Output 9.1.1: Scored Input Data Set (HMEQ)
Obs | BAD | _NODE_ | _LEAF_ | P_BAD1 | P_BAD0 | V_BAD1 | V_BAD0 |
---|---|---|---|---|---|---|---|
1 | 1 | 8 | 3 | 0.17391 | 0.82609 | 0.18808 | 0.81192 |
2 | 1 | 5 | 2 | 0.36823 | 0.63177 | 0.36126 | 0.63874 |
3 | 1 | 8 | 3 | 0.17391 | 0.82609 | 0.18808 | 0.81192 |
4 | 1 | 8 | 3 | 0.17391 | 0.82609 | 0.18808 | 0.81192 |
5 | 0 | 8 | 3 | 0.17391 | 0.82609 | 0.18808 | 0.81192 |
6 | 1 | 8 | 3 | 0.17391 | 0.82609 | 0.18808 | 0.81192 |
7 | 1 | 5 | 2 | 0.36823 | 0.63177 | 0.36126 | 0.63874 |
8 | 1 | 8 | 3 | 0.17391 | 0.82609 | 0.18808 | 0.81192 |
9 | 1 | 5 | 2 | 0.36823 | 0.63177 | 0.36126 | 0.63874 |
10 | 1 | 8 | 3 | 0.17391 | 0.82609 | 0.18808 | 0.81192 |
The variables _LEAF_
and _NODE_
show the leaf to which the observation was assigned.

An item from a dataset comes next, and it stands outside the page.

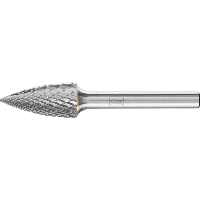 Rez 4 je obzvlášť vhodný na obrábanie nehrdzavejúcej ocele (INOX), ocele a materiálov odolných voči vysokým teplotám, ako sú zliatiny na báze niklu a kobaltu. Vyznačuje sa vysokou rýchlosťou odoberania materiálu s krátkymi trieskami a dosahuje dobrý povrch. Karbidové brúsky na všeobecné aplikácie sú vhodné na jemné a hrubé odoberanie materiálu na kľúčových materiáloch používaných v priemyselnej výrobe. Poskytujú dobrú rýchlosť odoberania materiálu a nie sú špecifické pre konkrétny materiál. Špicatá stromová brúska podľa DIN 8032 s rezom zodpovedajúcim DIN 8033, zploštený hrot.

The variables P_BAD0
and P_BAD1
are the proportions of observations in the training set that have BAD
=1 and BAD
=0 for that leaf. The variables V_BAD0
and V_BAD1
are the proportions of observations in the validation set that have BAD
=1 and BAD
=0 for that leaf. For information about the variables in the scored data set, see the section Outputs.